Слепой опять прислушался:
— С горы.
— Наши, — со спокойной уверенностью сказал Байрам и, не торопясь, стал подниматься.
Сдерживая дыхание, мы стояли и слушали. По-прежнему все тихо. Только шепчутся листья. Не послышалось ли все это слепому? Нет, он улыбается и, точно в такт шагам, качает головой.
Где-то близко прокуковала кукушка.
— Четыре, — насчитал Байрам и одобрительно засмеялся: — Передовой нас видит, а мы его нет. Но он не узнает нас, Коншобий, скажи ему.
Слепой поднял лицо вверх и засвистел: по лесу звонкими стеклышками рассыпалась короткая трель.

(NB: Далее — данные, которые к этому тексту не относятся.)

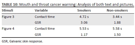 Table 2 reveals that Figure 2 initiated a higher difference in GRS responses than did Figure 1 (p = 0.06). However, the same result was not found for Figures 3 and 4. In the case of the packaging highlighting mouth and throat cancer, the text stimulus initiated a higher GSR response than did the pictorial warning. Therefore, Figure 4 did not result in a significantly higher GSR score than did the text-only warning.
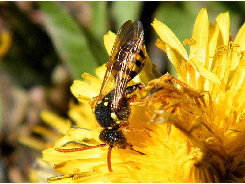 Männchen der Feld-Wespenbiene an einem Löwenzahn, gefunden auf dem Raschützberg 2013

Тотчас же захрустели сучья. Из чащи орешника вышел подросток в кабардинской, расширяющейся кверху шапке, в полинялой синей рубашке, с кошелкой в руке.
— Асхат! — радостно вскрикнул Саур, бросаясь подростку навстречу.
С горы спускались вооруженные люди и с восклицаниями окружали Байрама. Одни из них были в черкесках и кавказских шапках, другие — в красноармейских шинелях, третьи — в ватниках. И было странно видеть на одном и том же человеке кинжал в старинной серебряной оправе и новенький автомат. Я не знал языка, на котором они говорили, но мне было понятно, что все удивлены и обрадованы: они спускались в Большой аул, чтобы освободить Байрама, а он сам шел им навстречу.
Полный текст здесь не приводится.